La prima coinvolge delle dottoresse che lavoravano per la onlus torinese International Help, fondata a Torino nel 1995, e che agisce con interventi umanitari a favore di popolazioni a rischio. A Kabul la onlus opera con la Clinica dell’Amicizia dal 2008, mantenendo i due medici afghani (chirurgo e ginecologo) operanti nella struttura e finanziando opere di manutenzione e ammodernamento della struttura ospedaliera.

Negli anni, il progetto ha assicurato tra gli altri interventi, assistenza sul versante dell’educazione sessuale, della contraccezione e della maternità consapevole. Temi delicati da trattare in un contesto di privazione dei diritti della donna. Per questo diverse realtà piemontesi, su iniziativa del Coordinamento interconfessionale del Consiglio Regionale del Piemonte, sono riuscite a organizzare un volo umanitario per trarle in salvo.

Dopo questa dolorosa esperienza l’impegno non è terminato, ed è nata l’idea di un Osservatorio di monitoraggio sui diritti umani con delega alla presidenza della Regione Piemonte. Un organo con personale e una dotazione finanziaria propria, un’iniziativa che non ha precedenti a livello nazionale: il via ufficiale è previsto per l’inizio del 2022 quando i primi fondi saranno già a bilancio.
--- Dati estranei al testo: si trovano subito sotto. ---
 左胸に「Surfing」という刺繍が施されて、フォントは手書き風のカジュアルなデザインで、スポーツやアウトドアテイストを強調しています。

L’Osservatorio si occuperà della raccolta di informazioni per il monitoraggio, ma anche di attività operative, come campagne di sensibilizzazione e collaborazioni con diverse realtà del territorio. Sarà composto da 20 esperti in materia di diritti umani e sette politici in via di elezione.

La seconda storia che vogliamo raccontare, arriva da Mauro Berruto (che avevamo già intervistato per TOradio su altri temi), ex ct della nazionale italiana di pallavolo.
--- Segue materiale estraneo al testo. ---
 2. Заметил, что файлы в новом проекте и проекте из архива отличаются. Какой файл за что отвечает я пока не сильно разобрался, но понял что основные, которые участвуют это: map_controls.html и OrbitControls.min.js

Il suo numero di cellulare arriva nelle mani di Safiya, pallavolista afghana ‘colpevole’ di aver giocato senza indossare lo hijab. Per questo una sua compagna di squadra era già stata massacrata, e la foto del suo cadavere girava sui social come monito alle altre ragazze. Safiya è terrorizzata, senza documenti e nascosta a Kabul. Il suo contatto con l’esterno è proprio Mauro Berruto, a cui manda brevi messaggi e video degli spari e dei rastrellamenti dei talebani casa per casa.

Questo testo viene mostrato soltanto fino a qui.